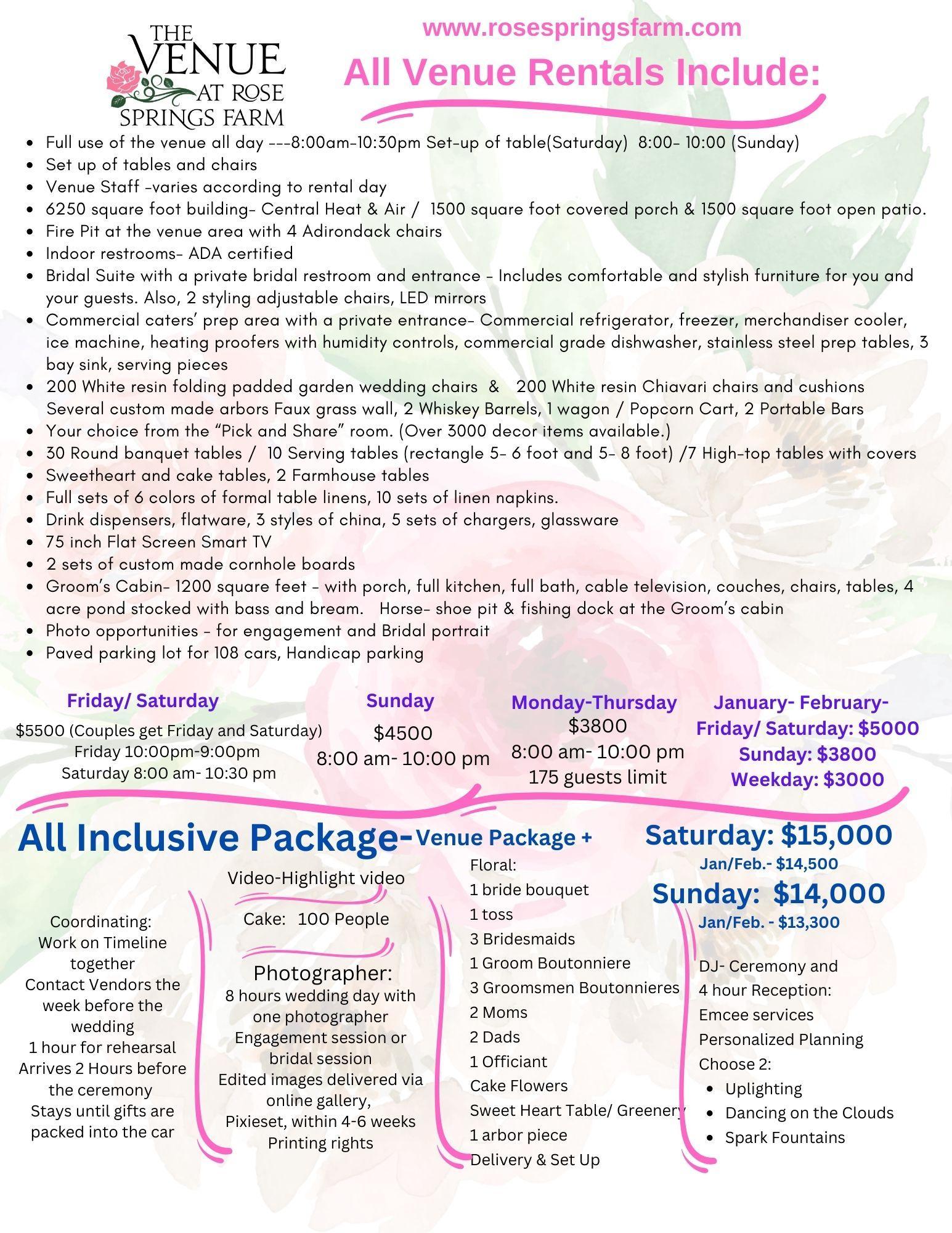 The Venue at Rose Springs Farm packages
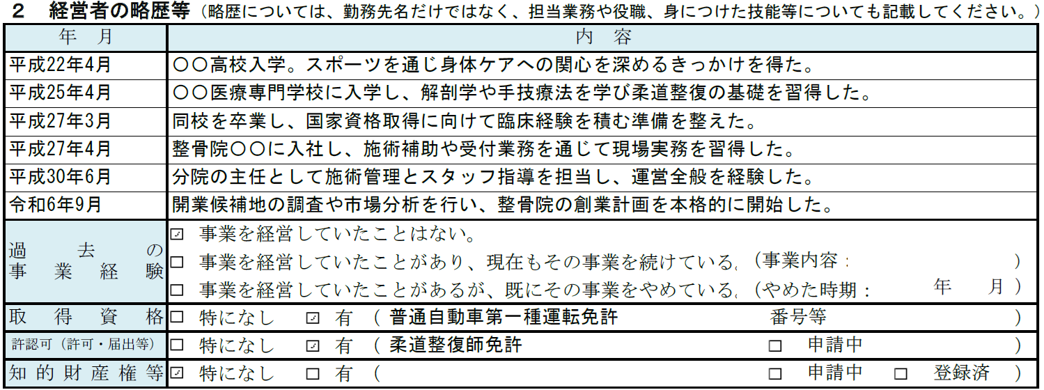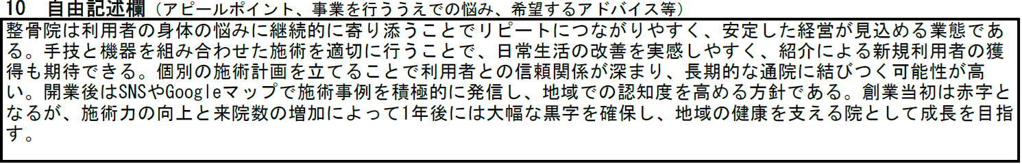 また、ここでは技術研修や勉強会への参加、患者様の声をもとにした施術方法の研究など、開業に向けて取り組んできた準備を記載することで、整骨院を運営していく姿勢がより伝わりやすくなりますので、積極的に記載するようにしましょう。
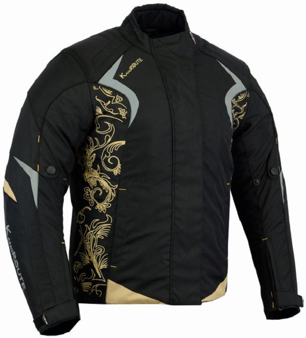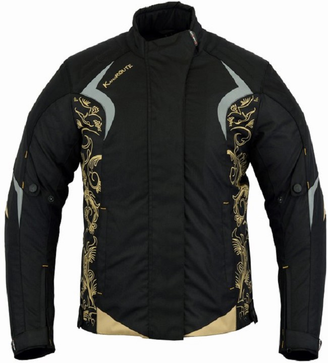 Chaqueta de cordura para mujer con protecciones homologadas CE y desmontables en codos, hombros, espalda y forro térmico desmontable.
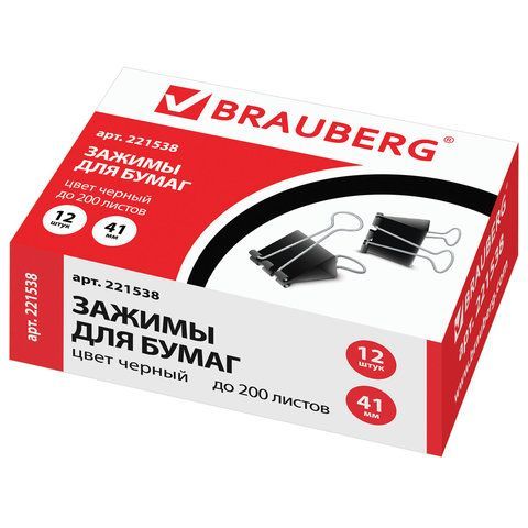 Зажимы для бумаг BRAUBERG, КОМПЛЕКТ 12 шт, 41 мм, на 200 листов, черные, карт.кор., 221538
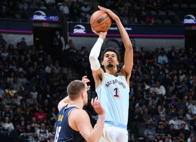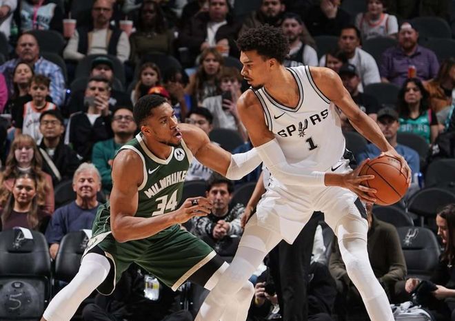 6人上双,这还没算因腿筋伤势一直缺阵的福克斯!上赛季交易得到福克斯后,马刺休赛期给了福克斯一份4年2.29亿顶薪合同,这个合同很合理,因为等到福克斯合同快到期时,球队今夏榜眼哈珀自然顶上,顺利完成新老交替。除此之外,球队4年4100万签下凯尔特人替补内线科内特,送走韦斯利和布兰纳姆换来了奥利尼科,加强空间和内线轮转深度,看起来马刺阵容没那么抢眼,但所有一切都在围绕文班亚马悄然构建阵容。上赛季文班亚马因为血栓问题,只打了46场比赛,但数据依旧夸张:场均24.3分11篮板3.7助攻3.8盖帽!
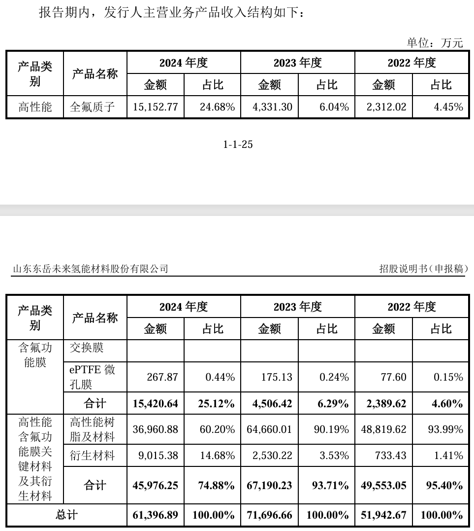 在资本市场与产业舆论中,未来材料常被贴上“氢能第一膜”等标签,产品覆盖氢能相关材料。但其当前收入主要来源仍集中于含氟功能膜及其衍生品,质子交换膜等核心氢能材料占比相对有限(2024年已迅速上升至接近四分之一),其商业化节奏与业绩兑现,仍需更长周期检验。
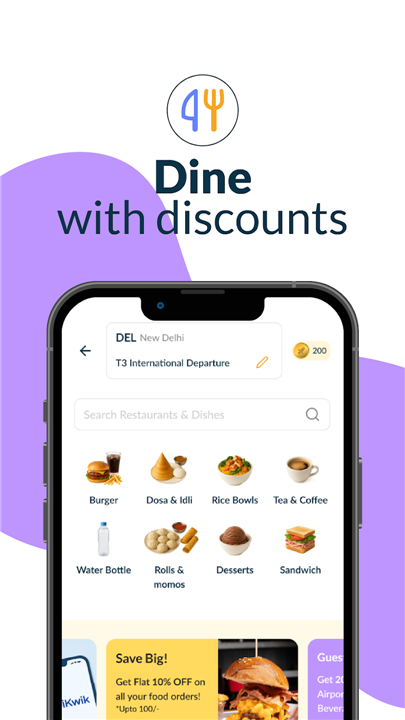 • Pre-order meals from top restaurants and choose terminal delivery or quick pickup.
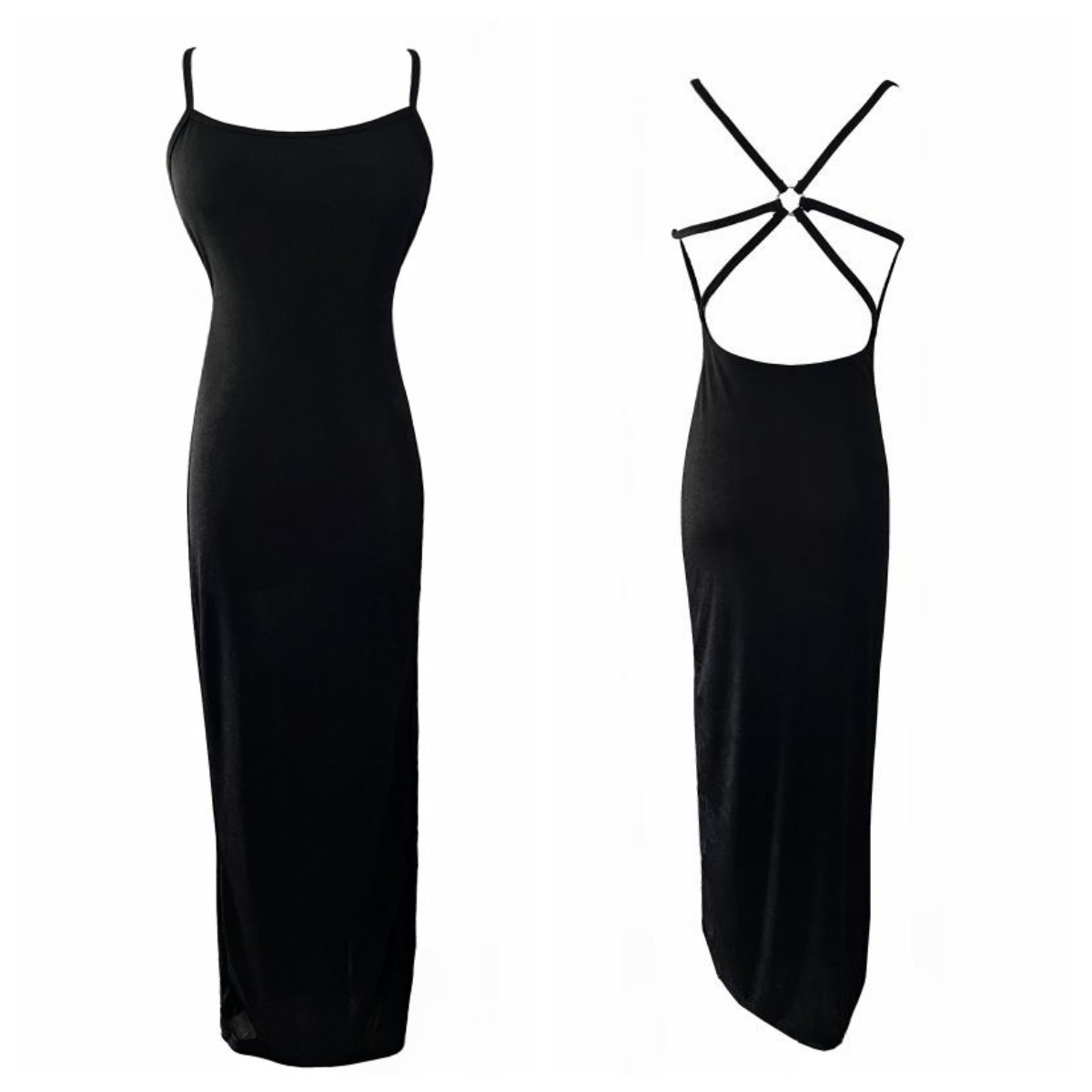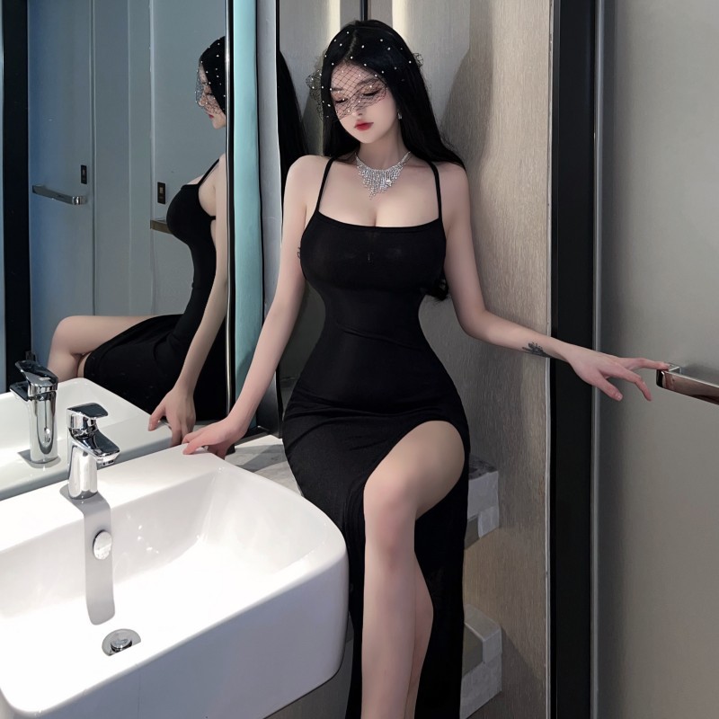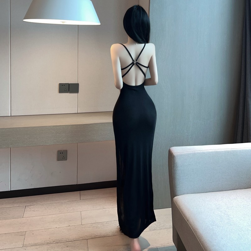 性感辣妹露背气质修身包臀长裙吊带开叉连衣裙女
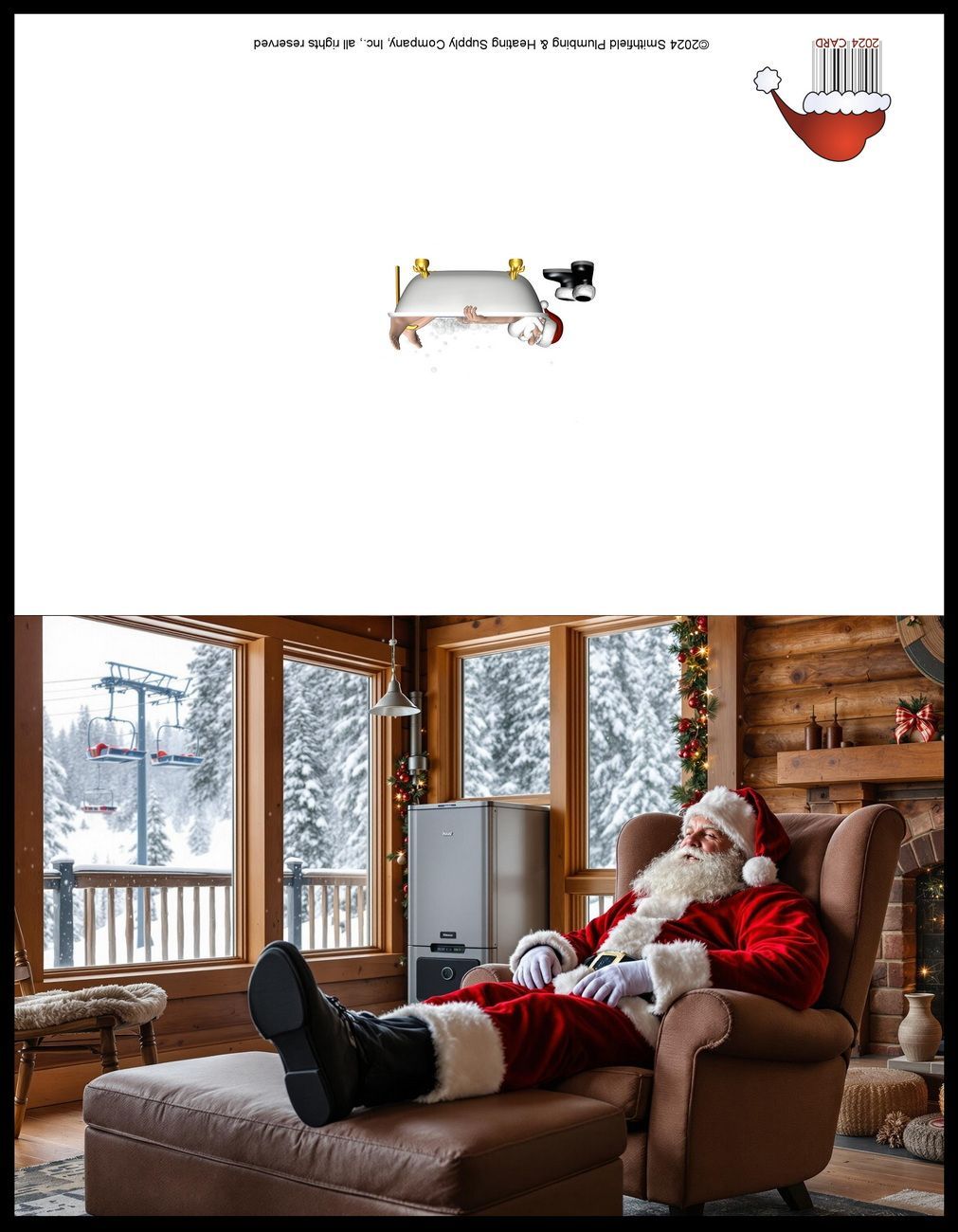 Santa Warming up in a Rustic Cabin on a Ski Resort by a Gas-fired boiler - Style B
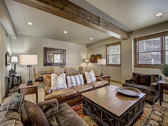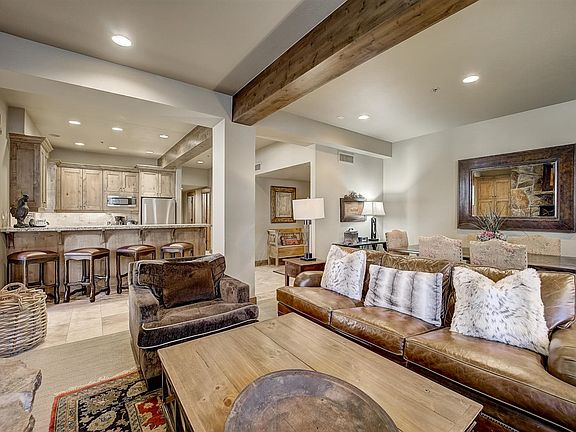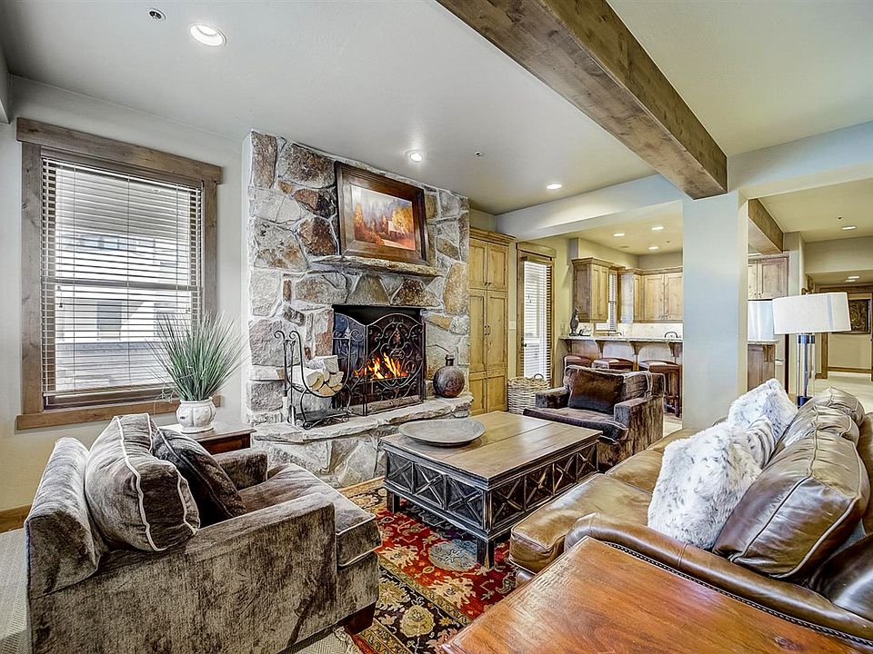 Welcome to Mont Cervin #24, an upscale condo located in Silver Lake Village at Deer Valley. This elegant mountain retreat features tasteful decor with subtle wooden finishes throughout. The oversized stone fireplace serves as the centerpiece of the living room, creating a warm and inviting atmosphere. The fully equipped kitchen makes everyday cooking convenient, while the open layout provides a comfortable flow between living and dining areas.

> What to produce
Word for word, restate the lines from the line containing "Santa Warming up" through the end of the data, including the first and last of them. Pictures stay out.

> Written response
 Santa Warming up in a Rustic Cabin on a Ski Resort by a Gas-fired boiler - Style B
 Welcome to Mont Cervin #24, an upscale condo located in Silver Lake Village at Deer Valley. This elegant mountain retreat features tasteful decor with subtle wooden finishes throughout. The oversized stone fireplace serves as the centerpiece of the living room, creating a warm and inviting atmosphere. The fully equipped kitchen makes everyday cooking convenient, while the open layout provides a comfortable flow between living and dining areas.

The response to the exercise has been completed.